Academic journal article Curriculum and Teaching Dialogue

Chapter 19: Birds of a Feather? Communities of Practice and Knowledge Communities

Academic journal article Curriculum and Teaching Dialogue

Chapter 19: Birds of a Feather? Communities of Practice and Knowledge Communities

Article excerpt

INTRODUCTION

Seventeenth century poet John Donne (1967) wrote that "No man is an island, entire of itself; every man is a piece of the continent, a part of the main" (pp. 100-101). The notion that man, as a social creature, needs others to live and learn is certainly not new to our culture's way of thinking. When one shares commonalities with others, communities are formed. As dynamic organizations, different communities explore different commonalities and work in different ways. While no two communities are alike, some tend to take on similar characteristics in regard to their structure, operation, and goals. Quite often, the goal of a community is improvement: neighborhood development, public community service, or improvement of practice. In recent years, two distinct theories concerning communities have emerged in regard to group efforts to improve practice: communities of practice (Lave & Wenger, 1991; Wenger, 1998a) and knowledge communities (Craig, 1992, 1995). On the surface, it would certainly be easy to believe that these two theories are basically the same--two new terms describing the same age-old ideas. However, the two concepts share more differences than similarities. The purpose of this work is to explore the two theories, their common traits, and their distinct characteristics so that others may better understand the two concepts should they choose to utilize such communities in their research and/or practice. The delineation between the two models is signifanct to those studying communities, their role in the educational process, and their impact on professional practice.

COMMUNITIES OF PRACTICE

The term "community of practice" was collaboratively coined by Jean Lave and Etienne Wenger (1991) in an effort to provide a perspective on learning and knowing within a social context. This was done while the two where studying apprenticeship and situated learning. At that time, they defined a community of practice as "a set of relations among persons, activity, and the world, over time and in relation with other tangential and overlapping communities of practice" (p. 98). Subsequently, Wenger (n.d) has provided the following definition: "Communities of practice are groups of people who share a concern of a passion for something they do and learn how to do it better as they interact regularly" (para. 1).

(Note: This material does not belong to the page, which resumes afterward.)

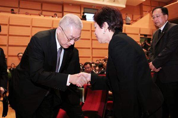 今天出席是項活動者還包括前副總統蕭萬長、經濟部長施顏祥及東吳大學副校長趙維良等人。
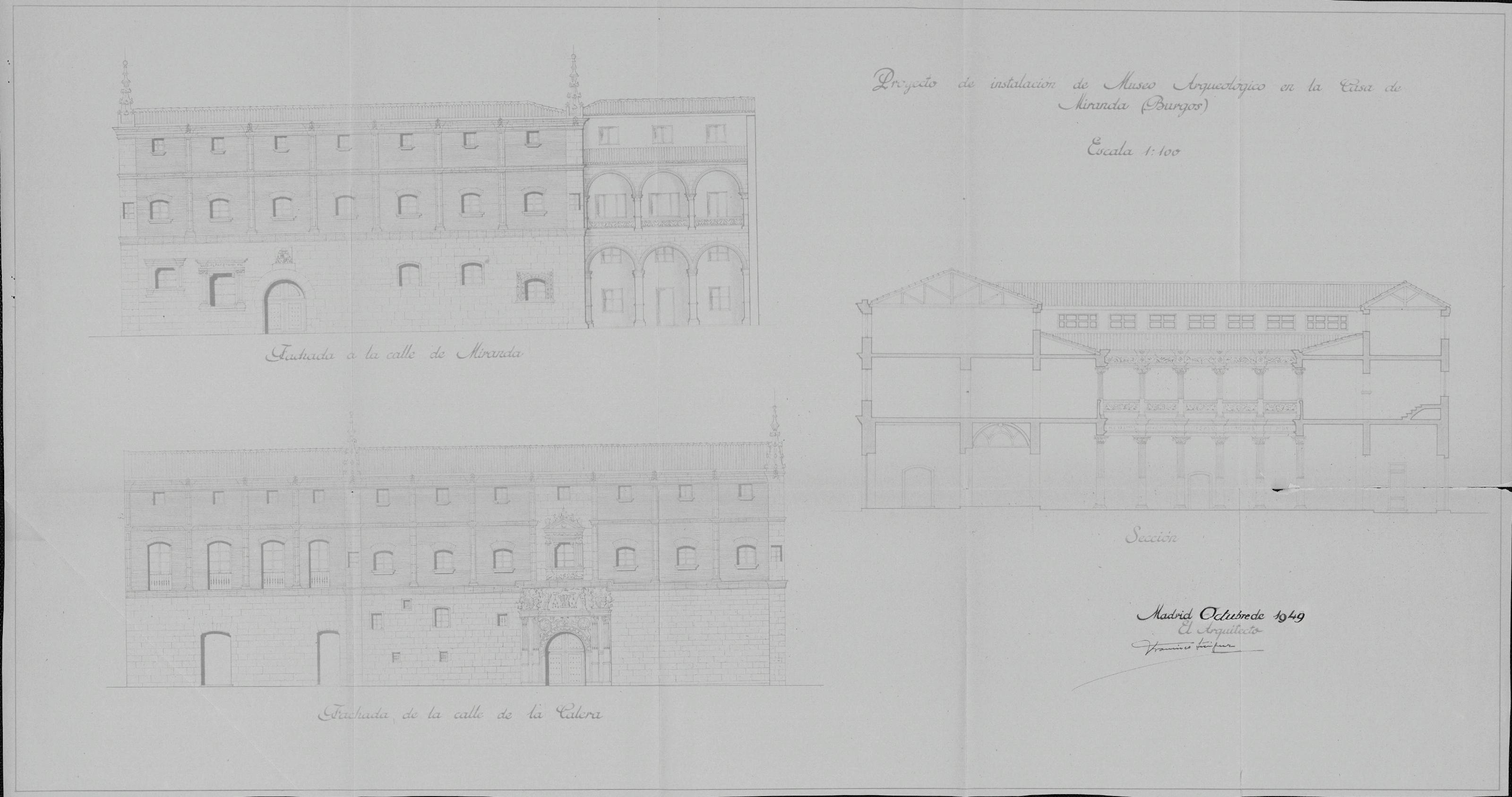 Casa Miranda de Burgos (Museo de Burgos). Burgos.: Proyecto de instalación del Museo Arqueológico Provincial. Alzados de fachada a la calle Miranda, a la calle de la Calera y sección por patio.

Communities of practice exist in organizations, government, education, associations, the social sector, international development, and online communities. In other words, they are everywhere. Recognition of their existence allows the members of the community to transcend the formal structures listed above and focus on improving the practice that defines the community and brought about its existence. It is this shared practice that differentiates the community of practice from other communities. A community of practice consists of members that share more than simply an interest; a community of practice shares expertise, competence, learning, activities, discussions, information, tools, stories, experiences, and a knowledge base. A community of practice not only shares knowledge; but also it creates, organizes, revises, and passes on knowledge among the members of the community.

Wenger (1998a) describes following three dimensions of community as they relate to community of practice:

1. mutual engagement (how the community functions)--"people are engaged in actions whose meanings they negotiate with one another" (p. 73).

2. a joint enterprise (what the community is about)--the community's "negotiated response to their situation ... in spite of all the forces and influences that are beyond their control" (p. 77).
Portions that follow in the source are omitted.